Do your research. There are a lot of great credit cards out there but there are also a lot that are pretty bad. A great way to do research is by reading the reviews of specific cards. People usually bring up the major downsides that you should watch out for. When it comes to credit cards, the most important things is to make sure you pay off your balance at the end of every month. This will help build your credit score which will set you up for better loan terms for bigger purchases (home mortgage) down the road. 

  1. What are your thoughts on recent graduates investing in stocks? Is it ever too early to start investing.

Investing is a great idea at any age. As long as they invest in a diversified portfolio they are usually good to go. It is important to remember that no one knows what the market is going to do in the short term (no matter what the internet says). So you need to invest and stay invested. Don’t get scared when the market drops because it will.

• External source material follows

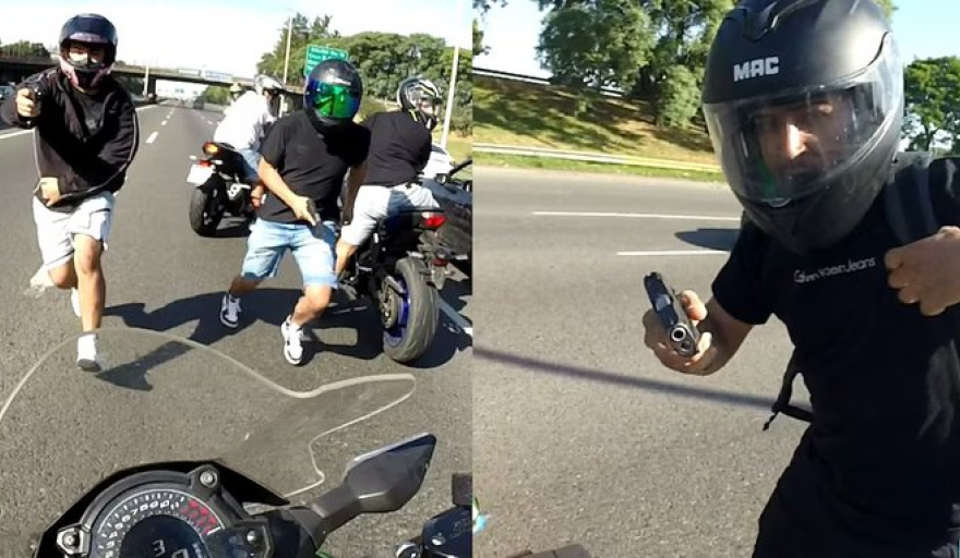 Los delincuentes lo cercaron con varias motos, lo obligaron a detenerse y, bajo amenaza de armas, le robaron la moto. Todo quedó registrado por una cámara instalada en el casco de la víctima.

If you stay consistent, you can build incredible wealth in the market.  

  1. How much should a young adult be allocating towards their investments.

It will look a little different for everyone but there are general principles that can be applied. Everyone should have an emergency fund before they start investing. This is 3-6 months of living expenses. Also, you might have separate savings for large upcoming expenses such as a home or car purchase. Once the rest of your life is in order then it is time to invest. The worst case is when you are forced to sell your investments when the market is down because you didn’t have enough savings to cover short term needs.